The priority of the department is to improve access to drugs and medical devices. Look at their therapeutics access strategy. This is a complete about-face from the original purpose of the department, which was to protect the public.
The 2002 Speech from the Throne advocated speeding up the regulatory process for drug approvals to ensure Canadians have faster access to the safe drugs they need. In my view, this means that more dangerous products will get on the market, requiring even better need for post-market surveillance.
Health Canada refers in its literature to the drug industry as its client. In my own experience with litigation over a temporomandibular joint implant, Health Canada argued in court repeatedly that it owes no duty of care to the public. I repeat, it owes no duty of care to the public. And lawyers for Health Canada argue that if there is gross negligence in the department, even admitted gross negligence, there is no remedy except to vote out the politician. So the only remedy for bureaucratic negligence, lawyers for the department argue, is voting out the minister. I cannot stress too much the profound shift in the philosophy of the department.

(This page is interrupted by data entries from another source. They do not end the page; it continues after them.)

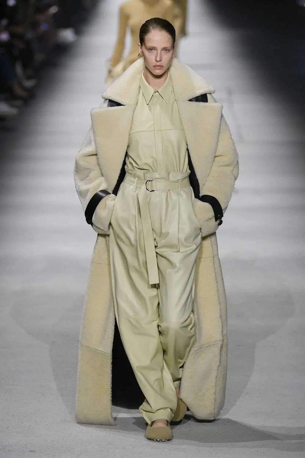 根据创意总监 Matthieu Blazy 打造的前面两季 Bottega Veneta 作品,我们可以推断:这身服饰都是皮革制品。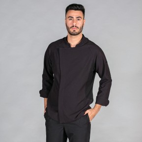 42,75 €Chaqueta unisex en manga larga, con cuello mao, puños vueltos, un bolsillo en la manga izquierda y cierre central mediante botones de presión ocultos. Prenda semi ajustada, con costadillos en espalda. Confeccionada en MICROFIBRA color negro de 100% Poliéster, un tejido anti bacterias, altamente transpirable, tolerante a salpicaduras de lejía, lavable a 90º, seca rápido, sin necesidad de planchado y repelente al cabello y pelo de mascotas. Además, cuenta con tejido técnico AEROSILVER en la espalda y original estampado en cuello y mangas. Ideal como uniforme para cocineros y chefs en hostelería, restauración y cocina en general.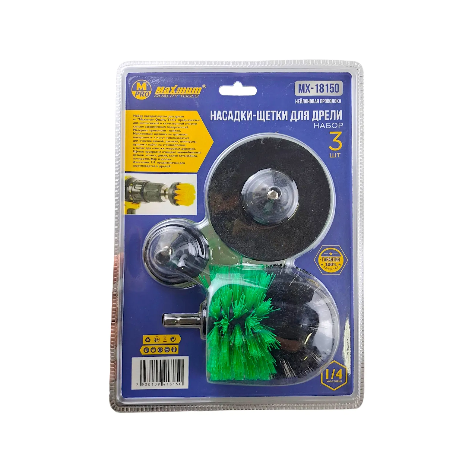 Комплект из трех нейлоновых щеток-насадок для дрели или шуруповерта с шестигранным хвостовиком 1/4". Нейлоновые щетки предназначены для эффективной и бережной очистки, удаления загрязнений, ржавчины и старой краски с различных поверхностей. Набор идеально подходит для использования в гараже, мастерской, на даче или при проведении домашних ремонтов.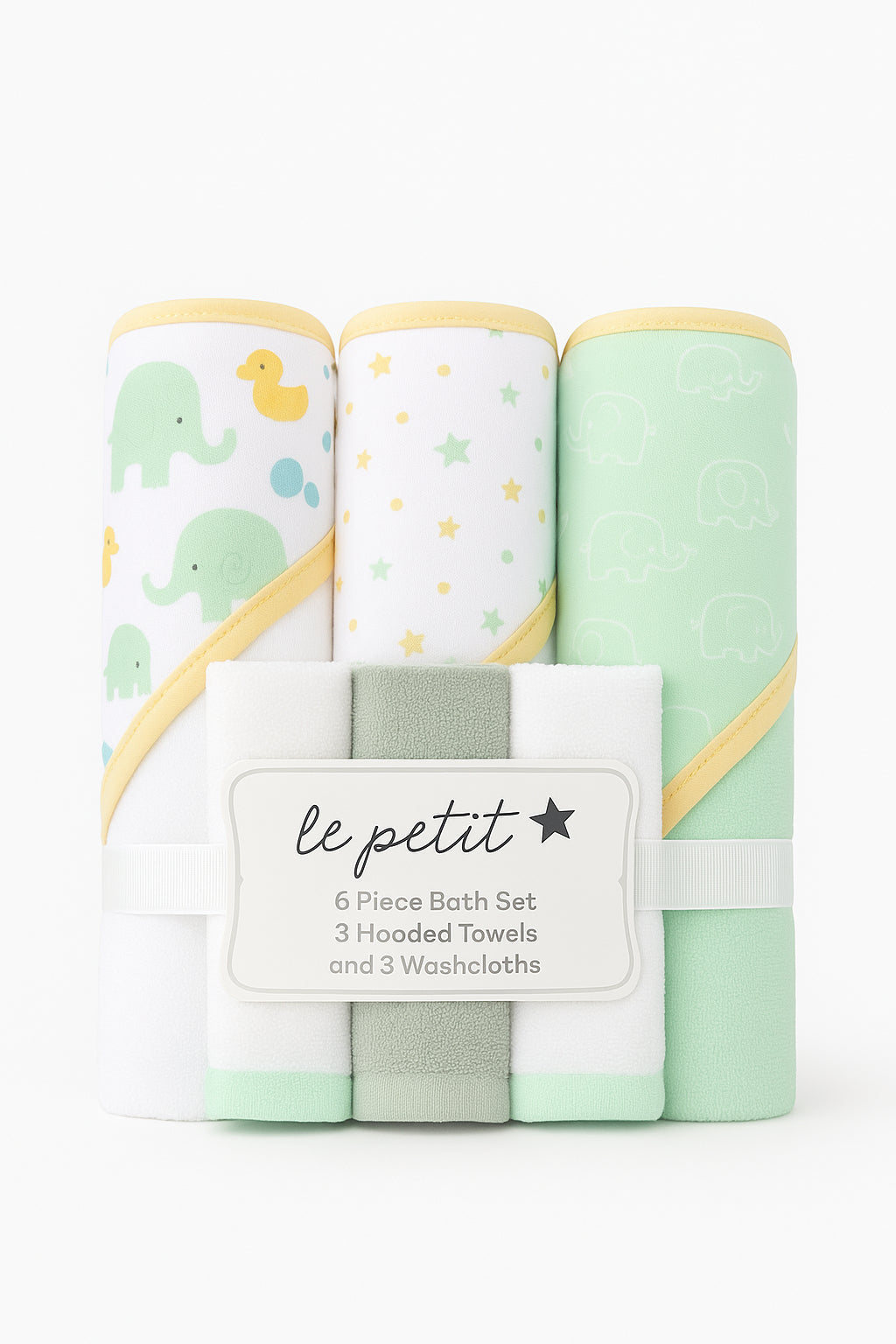 Baby 6Pcs Towels & Washcloths Set Green - Sunshine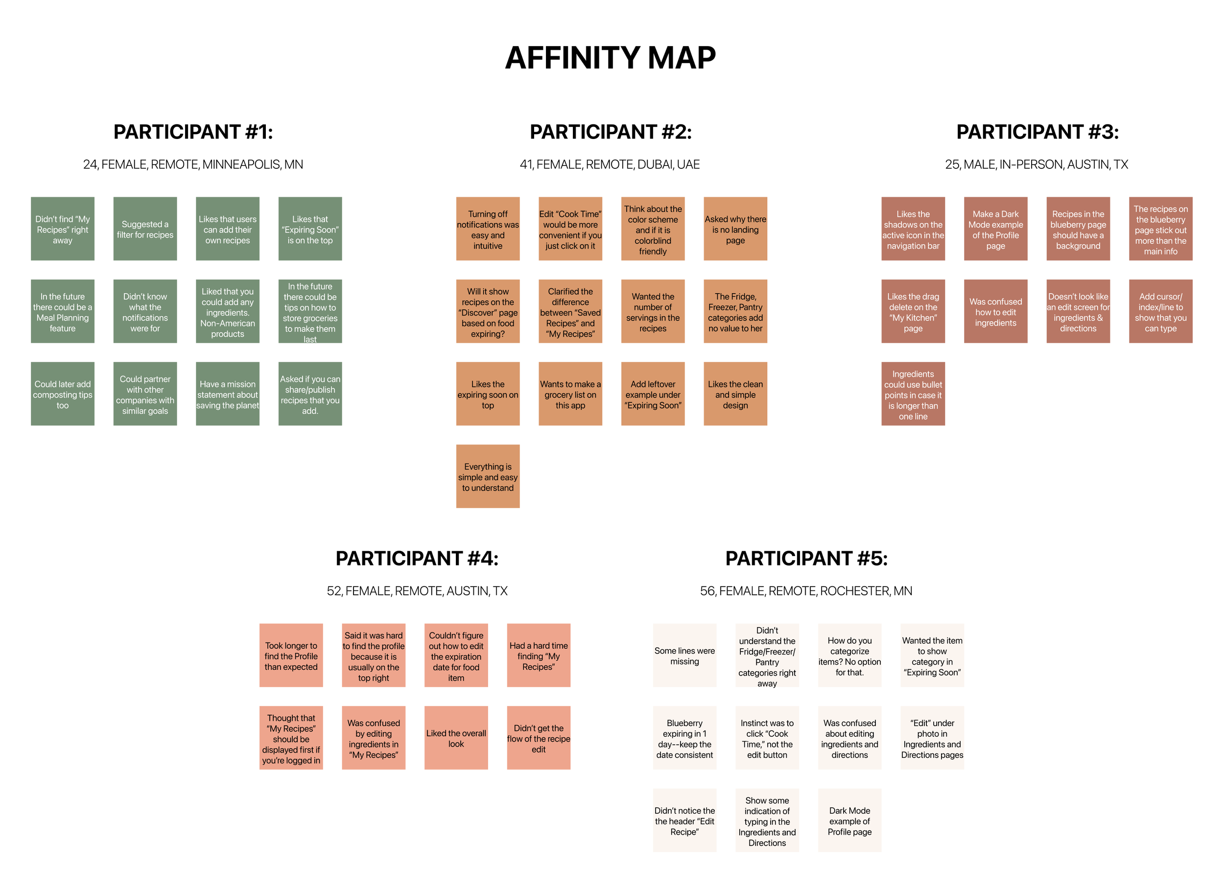 To better understand my users, I asked interviewees about their grocery habits to identify any challenges. I discovered that everyone I interviewed wastes more food in their households than they would like to. Users throw away Produce most of all groceries. Users equally throw away food before they get a chance to use it and after it is cooked (leftovers).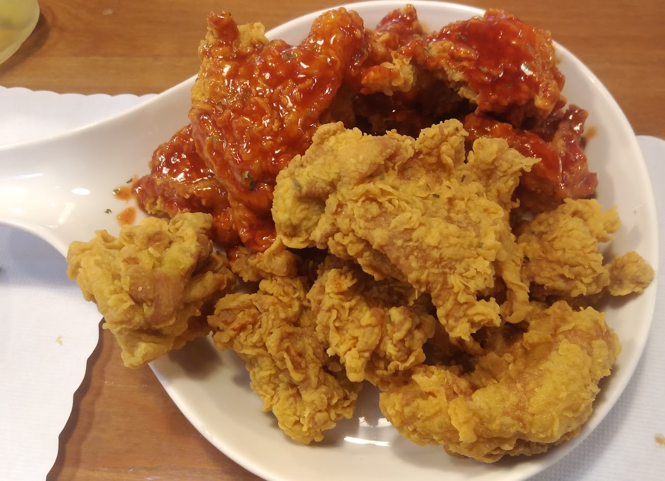 雞肉本身炸得還算不錯,但韓式辣味只有甜味不太辣,不夠道地。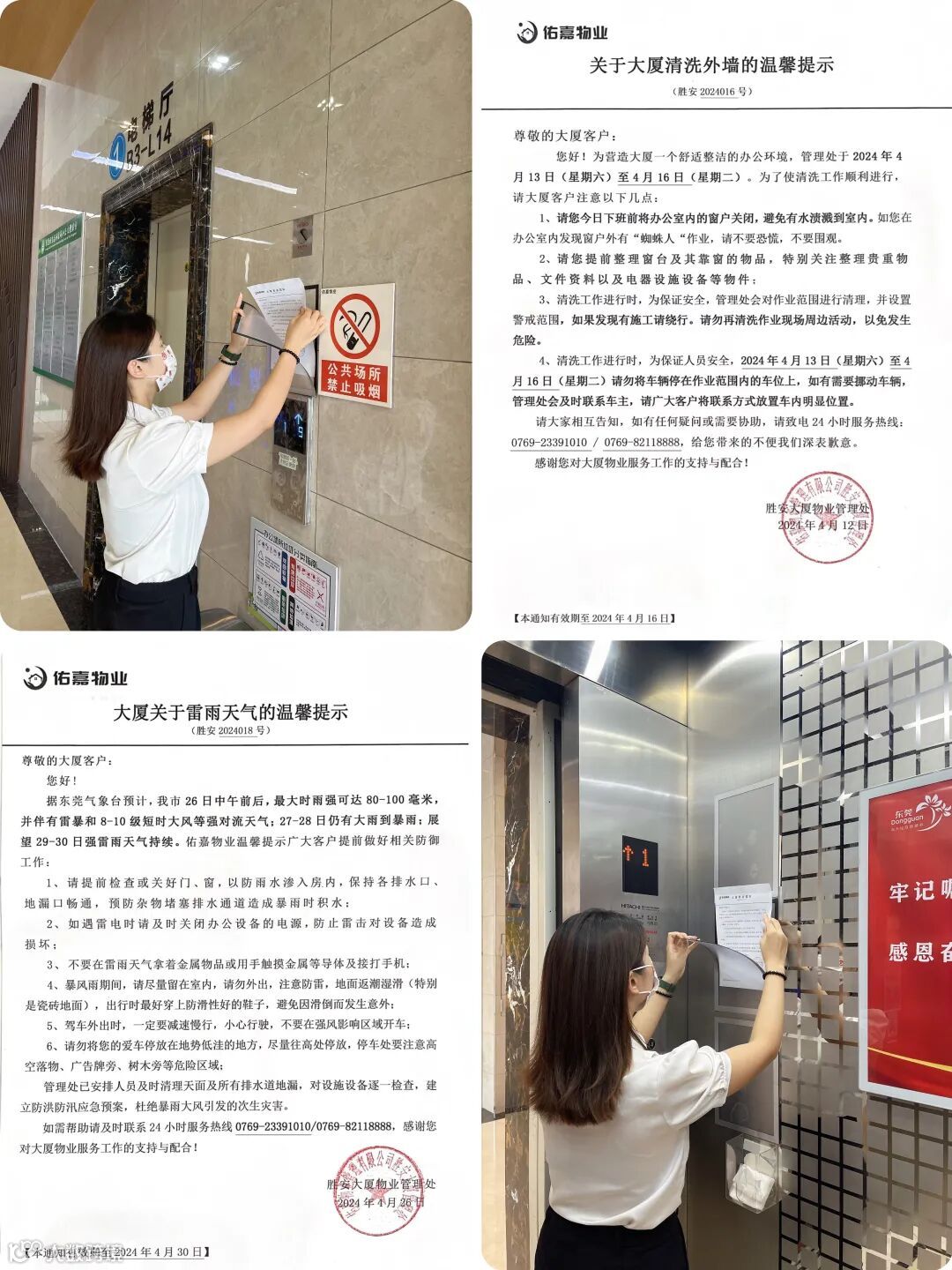 同时,被暴雨笼罩的四月,我们加强大厦所有排水口以及天面的巡查工作,发现积水或者淤堵,及时进行疏通,确保大厦排水系统畅通,安全度汛。现将佑嘉物业四月服务月报呈现予您,以便于您了解我们的工作。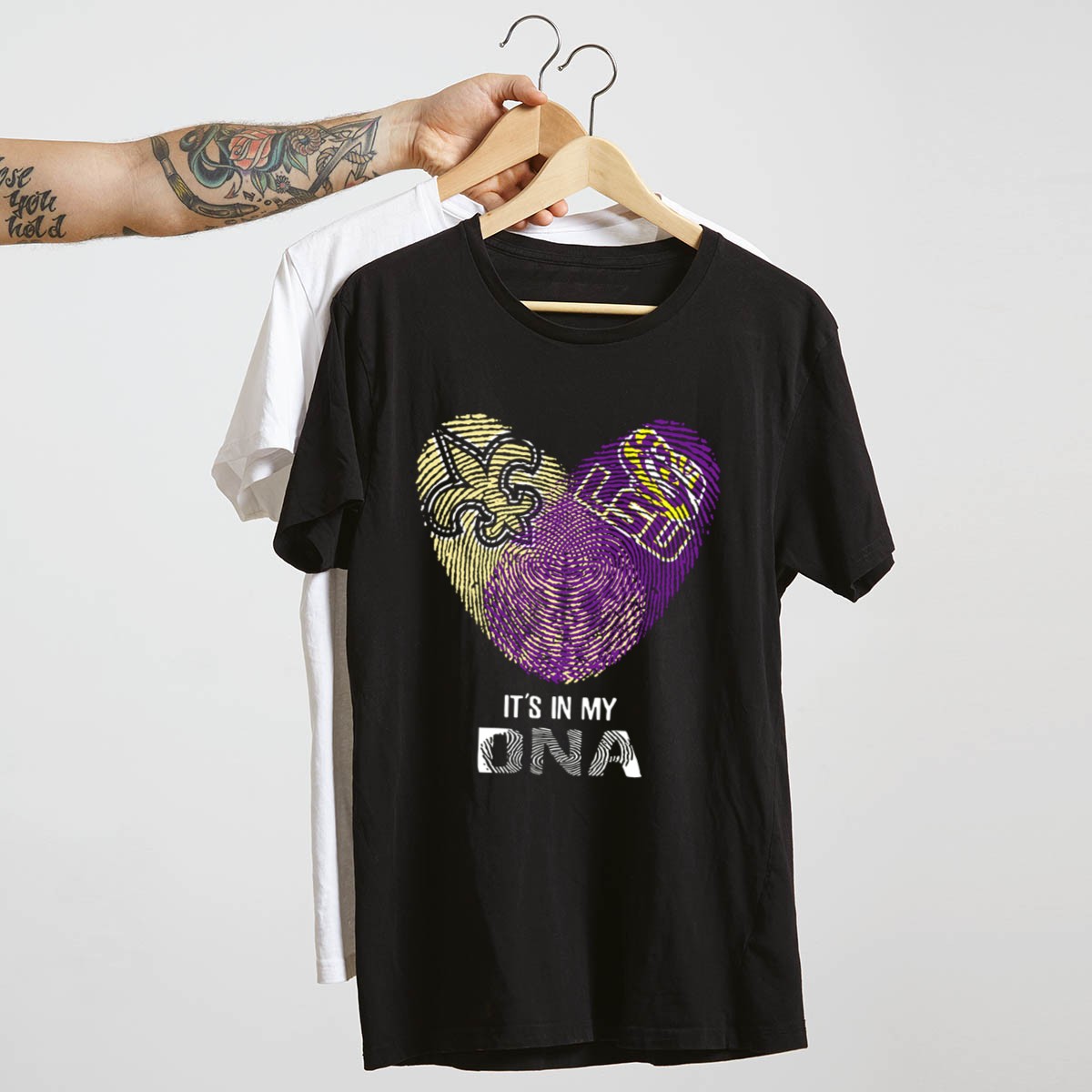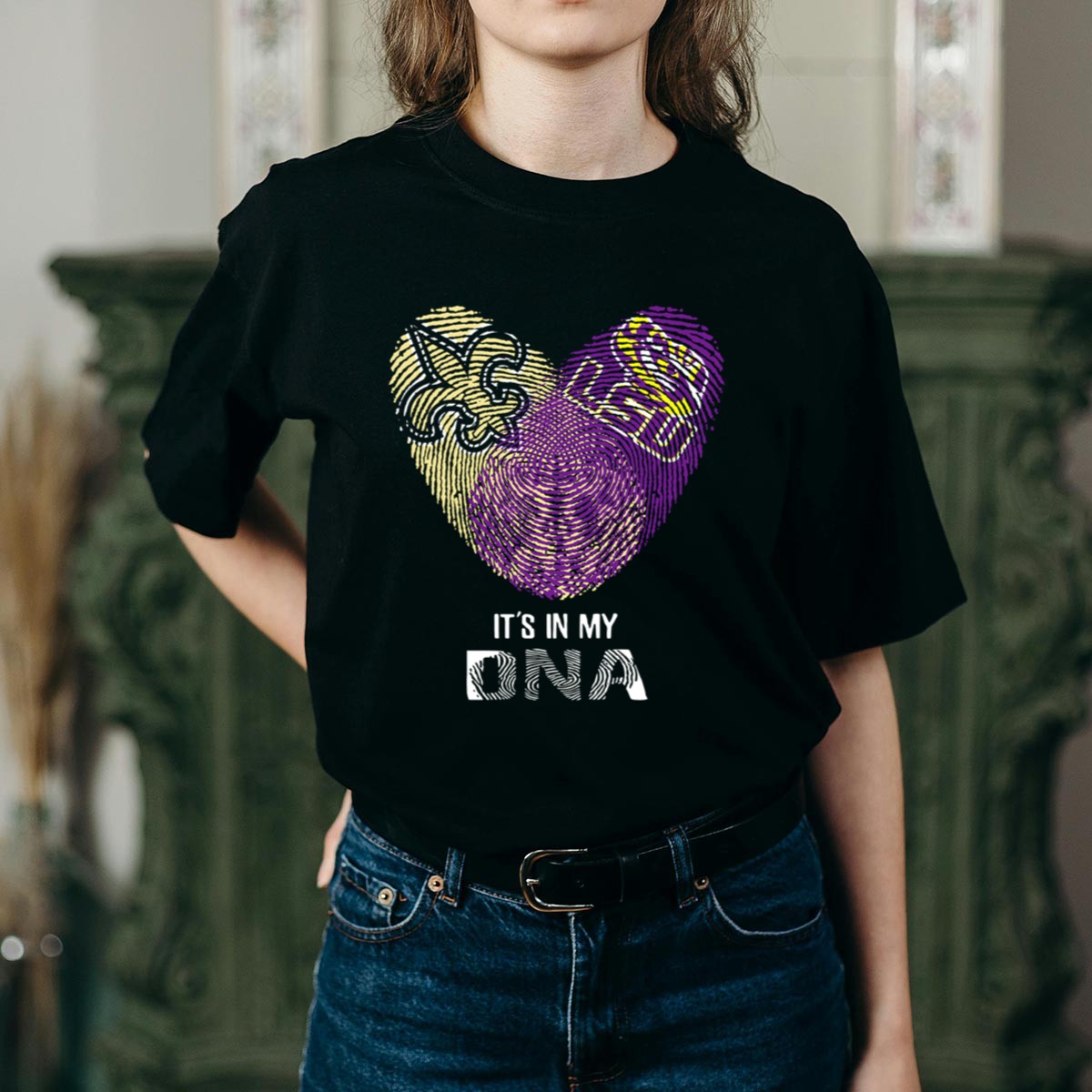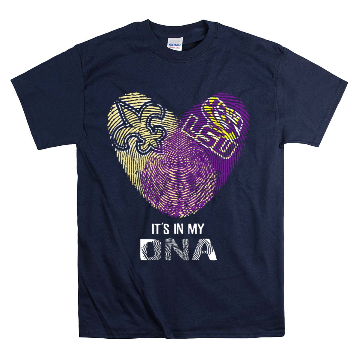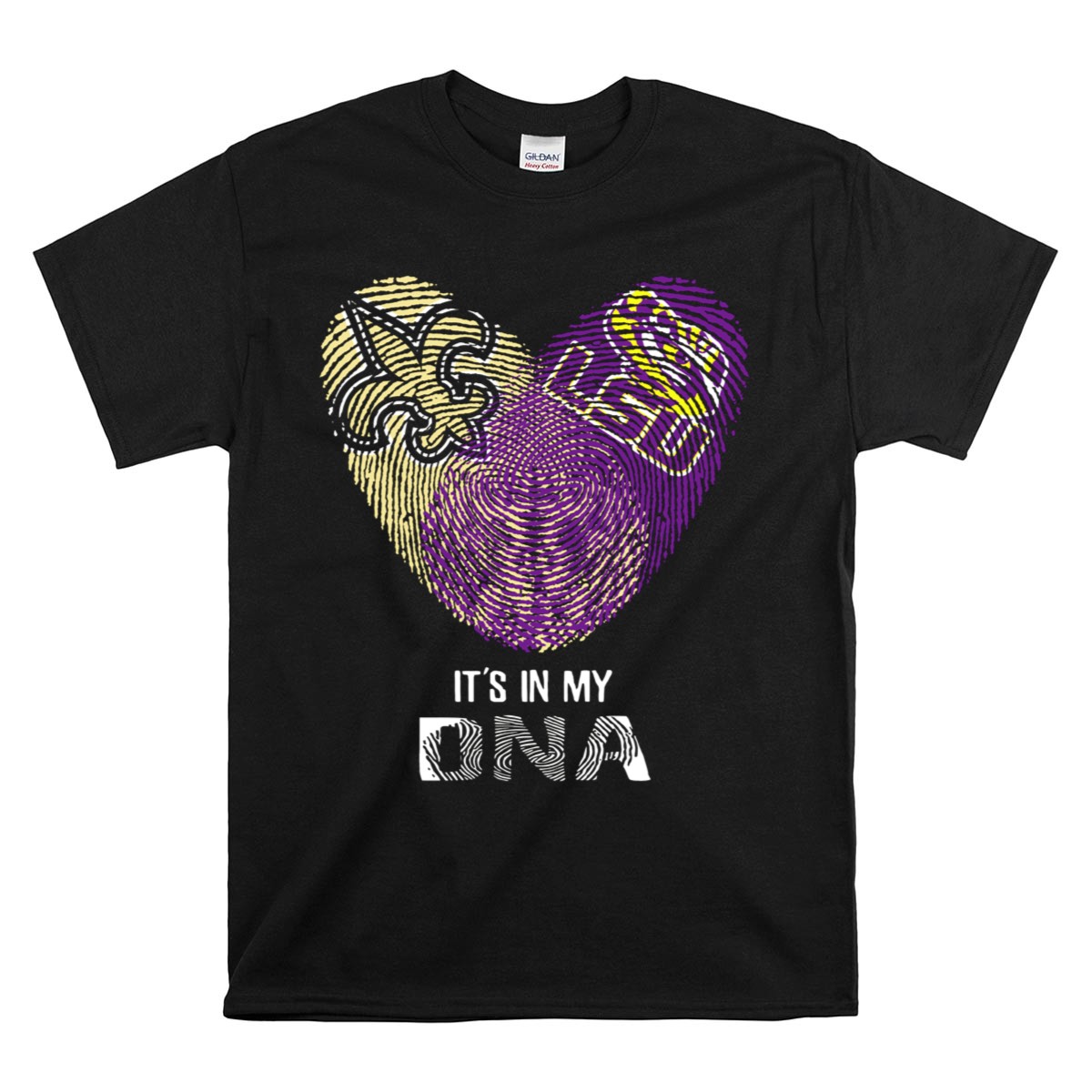 Show your fierce loyalty to the LSU Tigers with our Saints LSU It’s In My DNA Fingerprint Heart Fleur De Lis Logo T-Shirt. Perfect for die-hard fans and casual wearers alike, this shirt combines comfort and style, making it an ideal choice for game days, themed events, or simply expressing your love for the team in everyday life. Crafted with a unique fan-made design, printed right here in the USA, this T-shirt is a standout piece for anyone looking to showcase their school spirit.

I've been working with governments for a long time. I know that no government likes enforcement inspectors who go in and cause trouble, who raise problems with stakeholders. So there's a very strong tendency in government--and it's natural--to reduce inspections because they just cause problems. The inspector goes in, says, “You have this illegal product, take it off the market, or do something about it”, the minister or the deputy minister gets a call, and everyone's life is miserable. We have to take steps to deal with that.
In my own TMJ case, the department has resisted for nine years advising the public of a catastrophic medical device allowed on the market by Health Canada. Nine years it's fought us in court, saying it has no obligation to inform the public on this device.
Last week we finally, after repeated motions, got the court to order Health Canada to do a public notice campaign to advise the public that there's a catastrophic.... Now, this is a medical device, but this is the philosophy of the department--they owe no duty to inform the public.